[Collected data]
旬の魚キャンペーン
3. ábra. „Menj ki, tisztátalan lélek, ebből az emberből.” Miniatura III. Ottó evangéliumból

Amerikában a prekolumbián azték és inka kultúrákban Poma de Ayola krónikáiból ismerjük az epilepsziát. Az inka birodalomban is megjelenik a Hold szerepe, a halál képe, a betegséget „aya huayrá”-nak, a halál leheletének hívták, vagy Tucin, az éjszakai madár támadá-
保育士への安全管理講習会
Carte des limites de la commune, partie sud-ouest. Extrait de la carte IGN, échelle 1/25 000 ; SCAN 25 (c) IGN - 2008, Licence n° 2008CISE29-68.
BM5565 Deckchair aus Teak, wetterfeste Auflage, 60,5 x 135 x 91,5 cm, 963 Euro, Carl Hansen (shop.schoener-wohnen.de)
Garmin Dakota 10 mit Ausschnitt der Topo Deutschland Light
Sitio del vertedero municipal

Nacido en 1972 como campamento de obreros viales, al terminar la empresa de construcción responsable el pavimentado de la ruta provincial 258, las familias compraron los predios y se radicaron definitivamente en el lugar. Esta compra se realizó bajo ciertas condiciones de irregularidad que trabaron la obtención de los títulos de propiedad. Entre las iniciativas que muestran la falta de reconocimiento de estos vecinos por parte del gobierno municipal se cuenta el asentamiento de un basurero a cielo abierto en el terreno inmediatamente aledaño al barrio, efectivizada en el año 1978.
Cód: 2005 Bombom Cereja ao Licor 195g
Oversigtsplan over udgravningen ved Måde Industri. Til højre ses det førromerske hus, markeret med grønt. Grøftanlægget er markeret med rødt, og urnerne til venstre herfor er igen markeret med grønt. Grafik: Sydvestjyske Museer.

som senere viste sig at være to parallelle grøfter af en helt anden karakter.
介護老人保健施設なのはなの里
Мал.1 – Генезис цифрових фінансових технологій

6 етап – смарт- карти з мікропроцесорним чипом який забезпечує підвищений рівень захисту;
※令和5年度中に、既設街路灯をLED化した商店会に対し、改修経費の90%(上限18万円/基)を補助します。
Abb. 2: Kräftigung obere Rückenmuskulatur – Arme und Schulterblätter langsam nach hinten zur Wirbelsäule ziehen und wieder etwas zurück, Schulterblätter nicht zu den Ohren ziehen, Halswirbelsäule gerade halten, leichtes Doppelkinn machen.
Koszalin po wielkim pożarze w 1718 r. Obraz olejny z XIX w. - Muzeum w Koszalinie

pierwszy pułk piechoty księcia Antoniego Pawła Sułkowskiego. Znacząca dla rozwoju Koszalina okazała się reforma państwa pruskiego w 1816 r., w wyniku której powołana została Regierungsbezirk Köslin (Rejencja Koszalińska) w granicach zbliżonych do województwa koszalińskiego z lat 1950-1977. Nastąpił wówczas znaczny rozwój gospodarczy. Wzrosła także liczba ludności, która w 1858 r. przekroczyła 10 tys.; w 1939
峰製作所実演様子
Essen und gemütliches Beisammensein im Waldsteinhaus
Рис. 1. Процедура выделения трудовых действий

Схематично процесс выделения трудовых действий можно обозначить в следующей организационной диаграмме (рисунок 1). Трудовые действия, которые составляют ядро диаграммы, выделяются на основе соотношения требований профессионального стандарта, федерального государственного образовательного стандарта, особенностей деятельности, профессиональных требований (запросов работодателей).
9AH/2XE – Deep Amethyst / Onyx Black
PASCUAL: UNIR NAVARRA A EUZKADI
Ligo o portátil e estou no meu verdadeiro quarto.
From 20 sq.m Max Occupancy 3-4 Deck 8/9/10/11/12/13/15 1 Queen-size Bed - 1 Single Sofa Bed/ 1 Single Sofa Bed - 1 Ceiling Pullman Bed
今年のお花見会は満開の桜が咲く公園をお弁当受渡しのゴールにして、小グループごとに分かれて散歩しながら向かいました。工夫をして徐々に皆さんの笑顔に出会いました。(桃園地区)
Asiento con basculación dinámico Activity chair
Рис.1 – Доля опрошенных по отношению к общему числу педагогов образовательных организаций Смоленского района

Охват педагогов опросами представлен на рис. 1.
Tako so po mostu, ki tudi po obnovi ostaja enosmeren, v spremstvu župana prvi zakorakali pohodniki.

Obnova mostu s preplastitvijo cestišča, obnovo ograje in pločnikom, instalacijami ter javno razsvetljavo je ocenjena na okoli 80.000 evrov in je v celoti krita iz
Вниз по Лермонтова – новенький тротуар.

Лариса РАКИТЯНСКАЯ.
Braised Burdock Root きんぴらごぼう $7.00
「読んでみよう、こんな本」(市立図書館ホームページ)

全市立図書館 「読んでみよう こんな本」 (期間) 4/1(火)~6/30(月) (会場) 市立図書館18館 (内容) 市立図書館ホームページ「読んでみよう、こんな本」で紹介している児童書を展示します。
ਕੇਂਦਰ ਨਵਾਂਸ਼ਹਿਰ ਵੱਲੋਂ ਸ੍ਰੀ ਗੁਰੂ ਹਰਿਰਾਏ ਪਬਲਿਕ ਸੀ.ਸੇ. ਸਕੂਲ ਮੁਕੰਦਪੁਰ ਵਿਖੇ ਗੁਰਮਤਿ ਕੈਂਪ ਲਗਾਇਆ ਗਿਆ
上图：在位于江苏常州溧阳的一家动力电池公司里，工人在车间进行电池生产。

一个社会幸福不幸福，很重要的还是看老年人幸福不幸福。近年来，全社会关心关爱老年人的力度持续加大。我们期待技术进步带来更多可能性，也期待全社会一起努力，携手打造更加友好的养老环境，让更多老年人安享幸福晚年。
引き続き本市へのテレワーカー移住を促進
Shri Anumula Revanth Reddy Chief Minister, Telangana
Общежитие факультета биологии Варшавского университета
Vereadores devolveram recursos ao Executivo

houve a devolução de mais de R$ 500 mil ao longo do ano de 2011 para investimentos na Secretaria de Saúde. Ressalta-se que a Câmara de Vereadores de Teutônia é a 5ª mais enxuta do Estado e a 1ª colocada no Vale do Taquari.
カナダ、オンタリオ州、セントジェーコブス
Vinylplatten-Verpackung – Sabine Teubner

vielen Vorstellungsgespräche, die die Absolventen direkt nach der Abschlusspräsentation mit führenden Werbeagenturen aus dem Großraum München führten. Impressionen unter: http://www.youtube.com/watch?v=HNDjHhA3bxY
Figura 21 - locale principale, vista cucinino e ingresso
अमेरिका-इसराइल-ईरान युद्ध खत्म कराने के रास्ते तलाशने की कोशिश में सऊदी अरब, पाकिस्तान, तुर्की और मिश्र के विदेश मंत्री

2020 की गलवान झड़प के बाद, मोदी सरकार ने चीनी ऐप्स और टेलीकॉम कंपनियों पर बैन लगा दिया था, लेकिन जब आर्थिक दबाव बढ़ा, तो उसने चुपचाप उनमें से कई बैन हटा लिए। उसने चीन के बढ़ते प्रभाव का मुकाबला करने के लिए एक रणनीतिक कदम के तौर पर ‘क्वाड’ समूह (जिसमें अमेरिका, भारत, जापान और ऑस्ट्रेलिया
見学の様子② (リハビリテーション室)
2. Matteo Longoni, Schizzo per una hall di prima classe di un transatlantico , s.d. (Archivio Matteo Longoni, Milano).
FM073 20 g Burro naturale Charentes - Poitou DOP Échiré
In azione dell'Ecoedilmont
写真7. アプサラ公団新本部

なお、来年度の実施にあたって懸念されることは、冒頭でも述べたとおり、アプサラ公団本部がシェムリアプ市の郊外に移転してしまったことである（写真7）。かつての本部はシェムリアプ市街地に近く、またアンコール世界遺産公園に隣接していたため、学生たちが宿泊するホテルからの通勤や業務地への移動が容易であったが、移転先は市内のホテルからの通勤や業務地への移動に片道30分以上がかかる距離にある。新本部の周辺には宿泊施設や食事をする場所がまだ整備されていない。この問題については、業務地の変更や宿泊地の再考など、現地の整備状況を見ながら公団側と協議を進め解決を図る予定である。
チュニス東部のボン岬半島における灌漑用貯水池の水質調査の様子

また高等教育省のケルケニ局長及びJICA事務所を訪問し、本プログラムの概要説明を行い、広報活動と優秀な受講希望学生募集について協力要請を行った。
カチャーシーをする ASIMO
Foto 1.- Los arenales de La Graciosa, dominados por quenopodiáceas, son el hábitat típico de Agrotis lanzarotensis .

Required work:
Give an exact copy of the lines above, from the top of the records to the line that contains "Oversigtsplan over udgravningen", taking in both ends.

Response to the task:
旬の魚キャンペーン
3. ábra. „Menj ki, tisztátalan lélek, ebből az emberből.” Miniatura III. Ottó evangéliumból

Amerikában a prekolumbián azték és inka kultúrákban Poma de Ayola krónikáiból ismerjük az epilepsziát. Az inka birodalomban is megjelenik a Hold szerepe, a halál képe, a betegséget „aya huayrá”-nak, a halál leheletének hívták, vagy Tucin, az éjszakai madár támadá-
保育士への安全管理講習会
Carte des limites de la commune, partie sud-ouest. Extrait de la carte IGN, échelle 1/25 000 ; SCAN 25 (c) IGN - 2008, Licence n° 2008CISE29-68.
BM5565 Deckchair aus Teak, wetterfeste Auflage, 60,5 x 135 x 91,5 cm, 963 Euro, Carl Hansen (shop.schoener-wohnen.de)
Garmin Dakota 10 mit Ausschnitt der Topo Deutschland Light
Sitio del vertedero municipal

Nacido en 1972 como campamento de obreros viales, al terminar la empresa de construcción responsable el pavimentado de la ruta provincial 258, las familias compraron los predios y se radicaron definitivamente en el lugar. Esta compra se realizó bajo ciertas condiciones de irregularidad que trabaron la obtención de los títulos de propiedad. Entre las iniciativas que muestran la falta de reconocimiento de estos vecinos por parte del gobierno municipal se cuenta el asentamiento de un basurero a cielo abierto en el terreno inmediatamente aledaño al barrio, efectivizada en el año 1978.
Cód: 2005 Bombom Cereja ao Licor 195g
Oversigtsplan over udgravningen ved Måde Industri. Til højre ses det førromerske hus, markeret med grønt. Grøftanlægget er markeret med rødt, og urnerne til venstre herfor er igen markeret med grønt. Grafik: Sydvestjyske Museer.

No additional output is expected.